From the logs i can see the following request is generated in screen-scraper:
curl "https://www.Electrolux.nl/"
--compressed
--insecure
--silent
--verbose
--get
-H "User-Agent: Mozilla/5.0 (Windows NT 10.0; Win64; x64) AppleWebKit/537.36 (KHTML, like Gecko) Chrome/74.0.3729.131 Safari/537.36"
-H "Accept: text/html,application/xhtml+xml,application/xml;q=0.9,image/webp,image/apng,*/*;q=0.8,application/signed-exchange;v=b3"
-H "Accept-Language: en-us,en;q=0.9"
-H "Expect:"
-H "Accept-Encoding: gzip"
-H "Upgrade-Insecure-Requests: 1"
Unfortunately this does not work for this website. The header "Connection: keep-alive" should also be embedded in the request like this:
curl "https://www.Electrolux.nl/"
--compressed
--insecure
--silent
--verbose
--get
-H "User-Agent: Mozilla/5.0 (Windows NT 10.0; Win64; x64) AppleWebKit/537.36 (KHTML, like Gecko) Chrome/74.0.3729.131 Safari/537.36"
-H "Accept: text/html,application/xhtml+xml,application/xml;q=0.9,image/webp,image/apng,*/*;q=0.8,application/signed-exchange;v=b3"
-H "Accept-Language: en-us,en;q=0.9"
-H "Expect:"
-H "Accept-Encoding: gzip"
-H "Connection: keep-alive"
-H "Upgrade-Insecure-Requests: 1"
How can i make screen-scraper add the option -H "Connection: keep-alive" to the curl command?
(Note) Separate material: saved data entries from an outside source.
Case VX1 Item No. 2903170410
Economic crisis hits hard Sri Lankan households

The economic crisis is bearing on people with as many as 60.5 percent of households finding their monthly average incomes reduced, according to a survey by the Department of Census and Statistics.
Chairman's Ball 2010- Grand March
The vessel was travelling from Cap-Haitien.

The cURL client still uses
The cURL client still uses the method here: https://support.screen-scraper.com/documentation/api/scrapeablefile/addhttpheader
This does not work as
This does not work as aspected. When i add a header like: scrapeableFile.addHTTPHeader( "--max-time","2" );
The log shows the following: Issuing cURL command: curl '--compressed' '--insecure' '--silent' '--verbose' '--get' '-H' 'Expect:' '-H' '--max-time: 2' ...
This is a wrong request. It should be: --max-time 2 not '-H' '--max-time: 2'
BTW for debugging purposes it would be nice if the log show the curl request like this:
Issuing cURL command: curl --compressed --insecure --silent --verbose --get --max-time 2 https://www.google.com -H "Accept-Language: en-us,en;q=0.9"
I think that it's just a
I think that it's just a matter of how different libraries display the headers.
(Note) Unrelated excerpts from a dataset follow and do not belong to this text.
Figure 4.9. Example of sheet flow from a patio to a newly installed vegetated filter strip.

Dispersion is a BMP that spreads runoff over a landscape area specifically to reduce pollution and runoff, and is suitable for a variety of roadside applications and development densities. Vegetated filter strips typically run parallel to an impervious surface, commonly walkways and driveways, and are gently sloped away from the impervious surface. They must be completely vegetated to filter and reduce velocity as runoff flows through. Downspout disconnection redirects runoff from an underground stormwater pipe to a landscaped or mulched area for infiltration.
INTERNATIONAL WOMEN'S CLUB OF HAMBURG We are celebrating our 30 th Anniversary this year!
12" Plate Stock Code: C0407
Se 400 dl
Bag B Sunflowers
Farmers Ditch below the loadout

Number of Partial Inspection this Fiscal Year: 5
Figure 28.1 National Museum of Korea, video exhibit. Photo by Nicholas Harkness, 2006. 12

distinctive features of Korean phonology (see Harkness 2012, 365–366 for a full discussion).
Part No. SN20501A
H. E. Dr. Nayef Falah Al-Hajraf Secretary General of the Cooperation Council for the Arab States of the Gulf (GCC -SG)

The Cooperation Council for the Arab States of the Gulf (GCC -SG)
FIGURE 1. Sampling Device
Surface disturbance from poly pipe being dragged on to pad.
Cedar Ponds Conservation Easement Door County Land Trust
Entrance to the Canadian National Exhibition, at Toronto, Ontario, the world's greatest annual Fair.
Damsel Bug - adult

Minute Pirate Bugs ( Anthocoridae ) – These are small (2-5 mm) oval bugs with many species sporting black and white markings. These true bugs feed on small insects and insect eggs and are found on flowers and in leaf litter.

I thin the header you'd set is:
The headers are key/value pairs, and one library might shoe them with a colon, and others without, but they are functionally the same. cURL shows those dashes, but they aren't really part of the required values.
I am not quite sure what you
I am not quite sure what you mean. However adding the max-time out parameter does not work whether i set it as:
scrapeableFile.addHTTPHeader("max-time", "2");
or as
scrapeableFile.addHTTPHeader("--max-time", "2");
in the screen-scraper log i see this:
Issuing cURL command: curl '--compressed' '--insecure' '--silent' '--verbose' '--get' '-H' 'Expect:' '-H' 'max-time: 2' '-H' 'Accept-Language: en-us,en;q=0.9' '-H' 'User-Agent: Mozilla/5.0 (Windows NT 10.0; Win64; x64) AppleWebKit/537.36 (KHTML, like Gecko) Chrome/74.0.3729.131 Safari/537.36' '-H' 'Accept: text/html,application/xhtml+xml,application/xml;q=0.9,image/webp,image/apng,*/*;q=0.8,application/signed-exchange;v=b3' '-H' 'Accept-Encoding: gzip' '-H' 'Upgrade-Insecure-Requests: 1' 'https://www.aeg.nl/'
In this particular case if no max-time out is applied the curl request can take forever to finish. For some reason the domain www.aeg.nl does not respond in a timely fashion.
You likely just want to set
You likely just want to set the connection timeout in the screen-scraper settings.